▶ _SUPPLIED RECORDS_:

= = = =

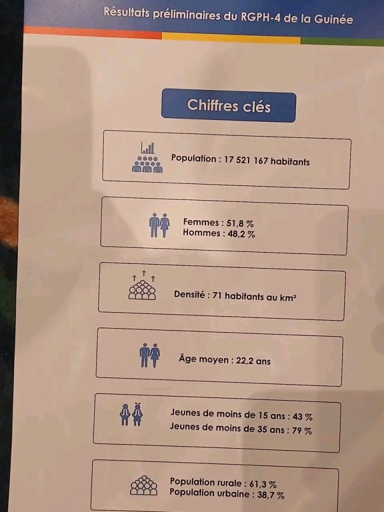 Ces résultats sont le fruit d’une vaste opération de recensement qui a permis de collecter des données précises sur la population guinéenne. Ils seront utilisés pour éclairer les décisions politiques et économiques du pays.
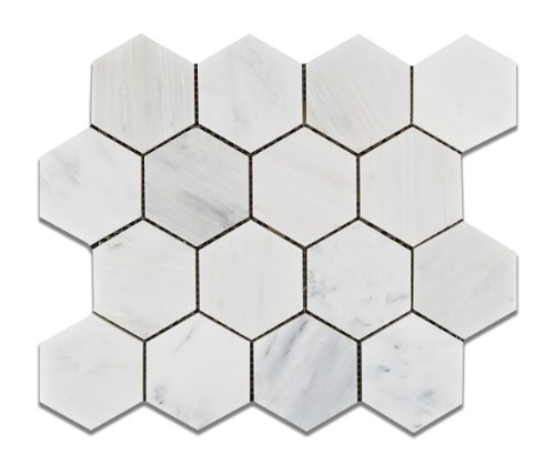 FeaturesItem offered: 50 sheet Lot of Premium Oriental White - Eastern White Marble 3" Hexagon HONED Mosaic Tile on Mesh / Sold by: Lot (50 sheets)Finish: Honed (Flawless, smooth / matte)Sheet Size: 10 1/2" X12 1/8" / Chip Size: 2 15/16" (Side-to-side) X 3 3/8" (Diag.) / Thickness: 3/8"FREE UPS GROUND INSURED SHIPPING applies to all orders on this itemPlease see our specific policy pages under the "detailed seller information" section to get more details on returns, exchanges, damages and refunds Oriental White - Eastern White Marble 3" Hexagon HONED Mosaic Tile - Lot of 50 Sheets?
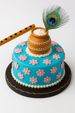 A beautifully handcrafted cake featuring a traditional matki, peacock feather, flute, and delicate floral accents to celebrate the divine spirit of Janmashtami.
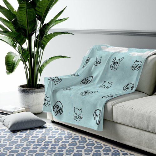Create a cozy warm atmosphere at home with this plush raining cats and dogs velveteen blanket. It is soft to touch and perfect for any home. With an all over print to add your personal touch or create a gift to your friends and family. Available in three sizes: 30×40″, 40×50″, 60×80″.
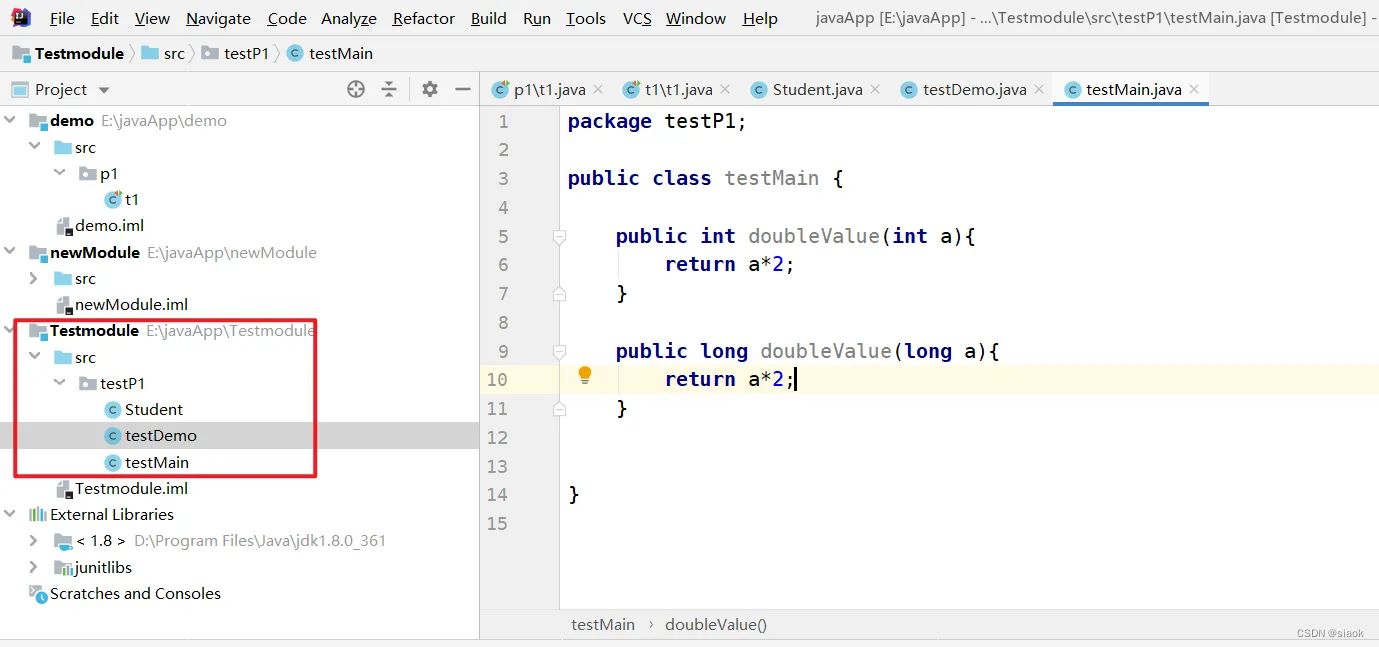 public class testMain { public int doubleValue(int a){ return a*2; } public long doubleValue(long a){ return a*2; } }

= = = =

▶ _WHAT YOU ARE ASKED TO DO_: Retype the whole listing exactly and leave the pictures out.

▶ _FINISHED TASK_:
 Ces résultats sont le fruit d’une vaste opération de recensement qui a permis de collecter des données précises sur la population guinéenne. Ils seront utilisés pour éclairer les décisions politiques et économiques du pays.
 FeaturesItem offered: 50 sheet Lot of Premium Oriental White - Eastern White Marble 3" Hexagon HONED Mosaic Tile on Mesh / Sold by: Lot (50 sheets)Finish: Honed (Flawless, smooth / matte)Sheet Size: 10 1/2" X12 1/8" / Chip Size: 2 15/16" (Side-to-side) X 3 3/8" (Diag.) / Thickness: 3/8"FREE UPS GROUND INSURED SHIPPING applies to all orders on this itemPlease see our specific policy pages under the "detailed seller information" section to get more details on returns, exchanges, damages and refunds Oriental White - Eastern White Marble 3" Hexagon HONED Mosaic Tile - Lot of 50 Sheets?
 A beautifully handcrafted cake featuring a traditional matki, peacock feather, flute, and delicate floral accents to celebrate the divine spirit of Janmashtami.
Create a cozy warm atmosphere at home with this plush raining cats and dogs velveteen blanket. It is soft to touch and perfect for any home. With an all over print to add your personal touch or create a gift to your friends and family. Available in three sizes: 30×40″, 40×50″, 60×80″.
 public class testMain { public int doubleValue(int a){ return a*2; } public long doubleValue(long a){ return a*2; } }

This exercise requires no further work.